Korfbal staat bekend als een van de weinige teamsporten ter wereld die gemengd wordt gespeeld. Dit betekent dat mannen en vrouwen samen in één team spelen. Deze unieke eigenschap heeft een lange en interessante geschiedenis, die teruggaat tot het begin van de 20e eeuw.
De Oorsprong van Korfbal
Korfbal werd in 1902 bedacht door Nico Broekhuysen (1876-1958), een onderwijzer aan de Nieuwe Schoolvereeniging te Amsterdam. Broekhuysen deed inspiratie op tijdens een internationale cursus openluchtspelen aan de August Abrahamsson Stiftelse in Nääs (Zuid-Zweden), waar hij in aanraking kwam met "ringball".

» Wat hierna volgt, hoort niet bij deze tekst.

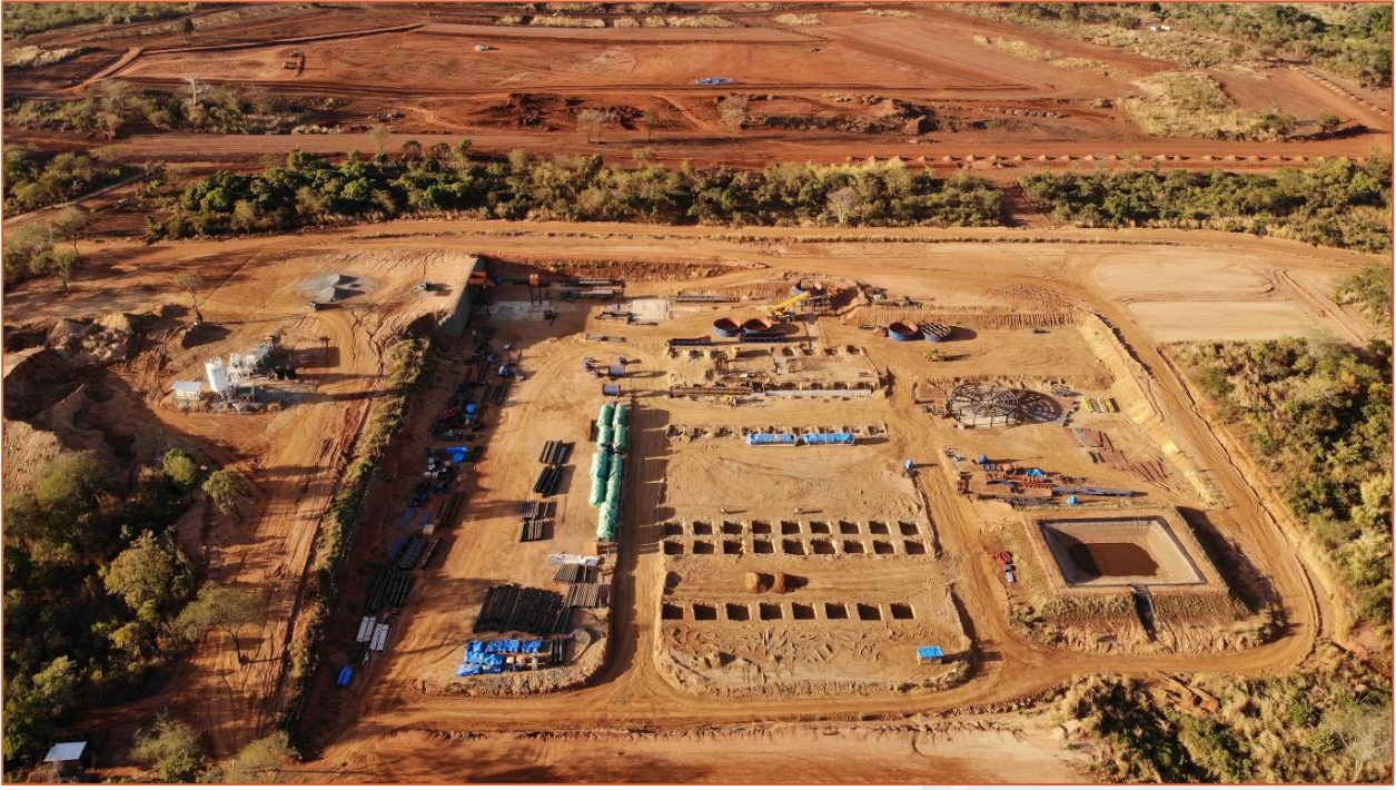
Figure 4: End of June 2022, view from the south of the processing plant area with the TSF in the background. Development of foundations for the drying, screening and packaging building can be seen in the foreground.

In de zomer van 1902 volgde Broekhuysen in Zweden een cursus in openluchtspelen te Nääs. De deelnemers vormden een kosmopolitisch gezelschap met Amerikanen, Engelsen, Schotten, Noren, Russen, Denen, Bulgaren, Egyptenaren, Duitsers, enz. Het waren allerlei gymnastische spelen, waarvan slechts een enkel bekend was; ze waren dan ook helemaal niet streng gereglementeerd. Een dier spelen was “ringball”, dat door de Engels-sprekenden “basketball” werd genoemd, ofschoon nergens een “basket” was te bespeuren, want op de plaats, waar onze korven nu hangen, was aan elk der twee palen een ring van bandijzer bevestigd. Naar gelang van het aantal deelnemers en deelneemsters werd het veld door touw in twee of drie gelijke stukken verdeeld.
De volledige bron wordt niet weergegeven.